Integration prob.: int [6 to 1] [x / sqrt x + 3] dx

[mooshupork34]

here's a problem that i'm having trouble with so if anyone could help, i'd appreciate.

the definite integral of 6 to 1 for the function x divided by the square root of x+3 represents an area and a net change.

i have to find out the following
a) the area of what?
b) the net change of what function?

 

[galactus]

Is this what you have:

\(\displaystyle \L\\\int_{1}^{6}\frac{x}{\sqrt{x+3}}dx\)

If so, let \(\displaystyle \L\\u=\sqrt{x+3}, \;\ du=\frac{1}{2\sqrt{x+3}}dx, \;\ 2du=\frac{1}{\sqrt{x+3}}dx\)

This is the area you're finding.

 

[mooshupork34]

Thanks! But how do you use the

2du = (1)/(square root of x + 3) to solve the problem?

 

[mooshupork34]

So here's what I got so far....and I don't know if this is correct.

I substituted sqrt[x+3] for you.
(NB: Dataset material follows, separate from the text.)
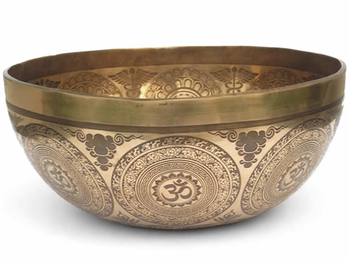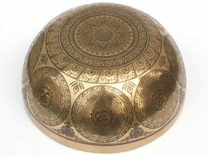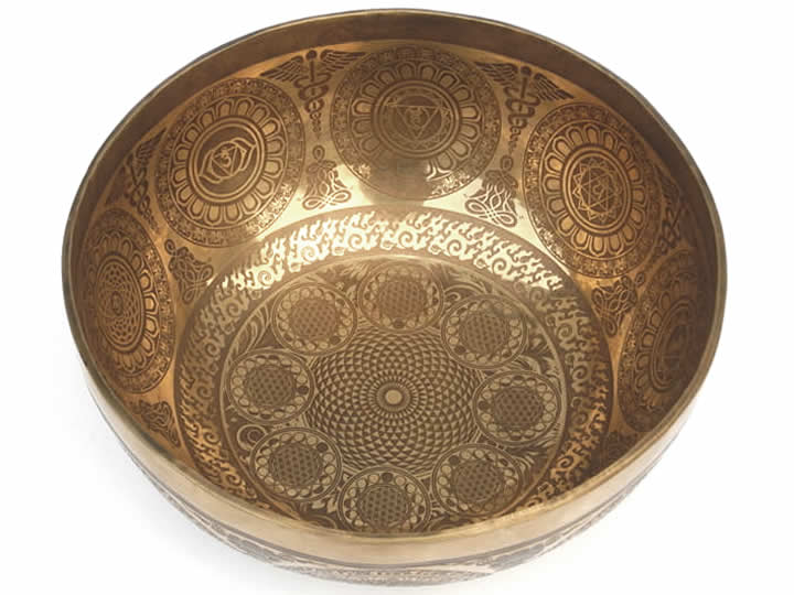 Exquisite Klangschale, aufwendig verziert u. a. mit der Blume des Lebens, den sieben Chakren-Symbolen, dem OM-Symbol Symbol sowie vielen Mantras und Ornamenten

Then, I got that du = 2 * sqrt[x+3] dx.

I realized that du is just 2 * u.

So then this left me with the integral of:

x/u multiplied by 2u

That's where I got stuck.

 

[galactus]

You got off on the wrong footing.

\(\displaystyle \L\\\int_{1}^{6}\frac{x}{\sqrt{x+3}}dx\)

We are going to use \(\displaystyle \L\\u=\sqrt{x+3}\) ...[1]
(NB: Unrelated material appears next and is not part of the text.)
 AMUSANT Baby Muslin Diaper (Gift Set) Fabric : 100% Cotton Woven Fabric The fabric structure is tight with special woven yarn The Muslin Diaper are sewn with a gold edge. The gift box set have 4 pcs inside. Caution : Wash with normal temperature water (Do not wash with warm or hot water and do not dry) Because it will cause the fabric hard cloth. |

Differentiating, we get \(\displaystyle \L\\u=\frac{1}{2\sqrt{x+3}}dx\)..OK so far?.

Therefore, \(\displaystyle \L\\2du=\frac{1}{\sqrt{x+3}}dx\)...See?.
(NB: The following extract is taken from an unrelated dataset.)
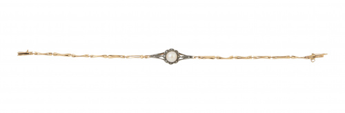 38. Pulsera de pp. S. XX articulada, con una perla en el centro rodeada de diamantitos

Solve [1] for x: \(\displaystyle \L\\x=u^{2}-3\)

As you can see(hopefully), you now have your substitutions:

Now, because of the this, we must change the limits of integration.

We have that x=1 and x=6:

\(\displaystyle \L\\u=\sqrt{1+3}=2\)
\(\displaystyle \L\\u=\sqrt{6+3}=3\)

Now, we have:

\(\displaystyle \L\\2\int_{2}^{3}(u^{2}-3)du\)